Cash used by investing activities was lower in the first nine months of
fiscal 1996 than the same period of 1995 reflecting lower capital
expenditures primarily at Famous Footwear due to opening fewer stores in
1996 than in 1995.
During the third quarter 1996, the Company issued $100 million of 9-1/2% Senior
Notes due 2006. As a result of this financing, the Company elected to
reduce the lenders' commitment under its revolving Bank Credit Agreement to
$150 million from $200 million in October 1996. The Company also
repurchased $5 million of its long-term debt in October 1996.
The increase in the ratio of total debt as a percentage of total
capitalization at November 2, 1996, compared to the end of fiscal 1995, is
due primarily to the Corporation's additional borrowings to finance higher
inventories. At November 2, 1996, $42 million was borrowed under the
Corporation's $150 million Bank Credit Agreement.
The increase in the ratio of long-term debt as a percentage of total
capitalization at November 2, 1996, compared to the end of fiscal 1995, is
due to the issuance of $100 million of Senior Notes in October 1996, the net
proceeds of which were used to reduce the amount outstanding under the
Company's Bank Credit Agreement.
<PAGE>
PART II - OTHER INFORMATION
Item 1 - Legal Proceedings
---------------------------
There have been no material developments during the quarter ended
November 2, 1996, in the legal proceedings described in the
Corporation's Form 10-K for the period ended February 3, 1996.
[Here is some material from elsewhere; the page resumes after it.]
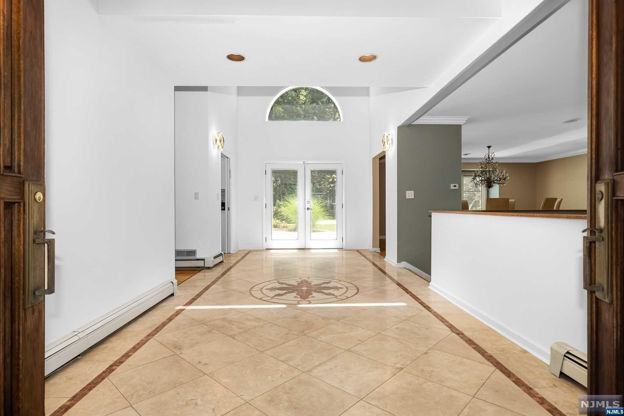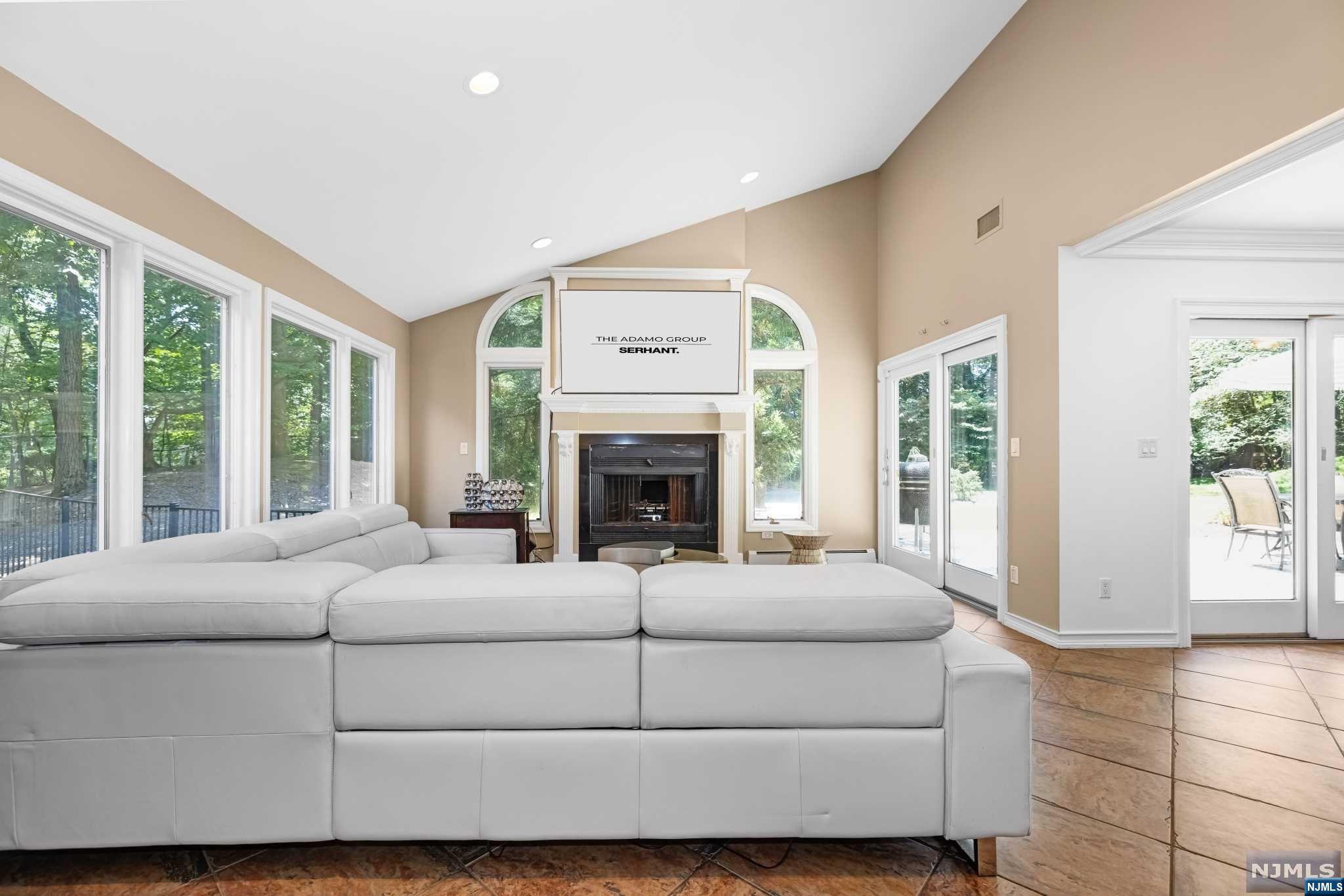 Welcome to this magnificent Contemporary home nestled in a tranquil cul-de-sac, showcasing breathtaking vistas of Lake Tappan. A grand 2 story foyer invites you into an open floor plan revealing a dramatic layout adorned with 10-foot ceilings. A dining room & living room provide the perfect setting for entertainment. The gourmet kitchen features stainless steel app, refrigerator and freezer, an island flowing effortlessly into the family room with its vaulted ceiling, gas fireplace, wet bar. Step outside to discover a private backyard oasis, complete with patio, lagoon pool & tranquil waterfall feature. A mudroom with 3 car garage access & main floor guest suite & full bath. The upper level features a luxurious primary suite with a sitting area, terrace,2 WIC & a primary bath/w a large glass shower. Loft/w picturesque views is home to a gym, 2 bedrooms & full bath. Lower level offers a rec/game room, office, bedroom, & full bath. Close to Blue Ribbon Schools & NYC transport.

Item 6 - Exhibits and Reports on Form 8-K
-----------------------------------------
(a) Listing of Exhibits
(3) (i) (a) Certificate of Incorporation of the
Corporation as amended through
February 16, 1984, incorporated
herein by reference to Exhibit 3 to
the Corporation's Report on Form
10-K for the fiscal year ended November
1, 1986.
(i) (b) Amendment of Certificate of
Incorporation of the Corporation
filed February 20, 1987,
incorporated herein by reference to
Exhibit 3 to the Corporation's
Report on Form 10-K for the fiscal
year ended January 30, 1988.
(i) (c) Certificate of Amendment of the
Certificate of Incorporation of the
Corporation, filed June 2, 1988,
filed herewith (page 13)
(ii) Bylaws of the Corporation as amended
through May 23, 1996, incorporated
herein by reference to Exhibit 3(ii)
to the Corporation's Report on Form
10-Q for the quarter ended May 4,
1996.
(11) Computation of Earnings Per Share
(page 15)
(27) Financial Data Schedule (page 16)
(b) Reports on Form 8-K:
The Corporation filed a current report on Form 8-K dated
September 27, 1996, in response to Item 5, which announced
its results for the four weeks ended August 31, 1996 and
August 26, 1995, and for the seven months ended August 31,
1996 and August 26, 1995.
The Corporation filed a current report on Form 8-K dated
October 2, 1996, in response to Item 5, announcing its
intention to sell $100 million in 9-1/2% senior notes.
<PAGE>
The Corporation filed a current report on Form 8-K dated
October 21, 1996, in response to Item 2, announcing the
completion of the sale of $100 million of its 9-1/2% Senior
Notes due 2006.
The Corporation filed a current report on Form 8-K dated
November 19, 1996, in response to Item 5, which announced
its results for the quarter ended November 2, 1996, and for
the nine months ended November 2, 1996.
Pursuant to the requirements of the Securities Exchange Act of 1934, the
Registrant has duly caused this report to be signed on its behalf by the
undersigned thereunto duly authorized.
BROWN GROUP, INC.
Date: December 11, 1996 /s/ Harry E. Rich
-------------------------------
Executive Vice President
and Chief Financial Officer and
On Behalf of the Corporation as
the Principal Financial Officer
<PAGE>
EXHIBIT (3)(i)(c)
CERTIFICATE OF AMENDMENT
OF THE CERTIFICATE OF INCORPORATION
OF
BROWN GROUP, INC.
-----------
UNDER SECTION 805 OF THE BUSINESS CORPORATION LAW
* * * *
WE, THE UNDERSIGNED, R. L. Anderson and Robert D. Pickle, being,
respectively, the President and the Vice President, General Counsel and
Corporate Secretary of Brown Group, Inc., hereby certify:
1. The name of the Corporation is Brown Group, Inc.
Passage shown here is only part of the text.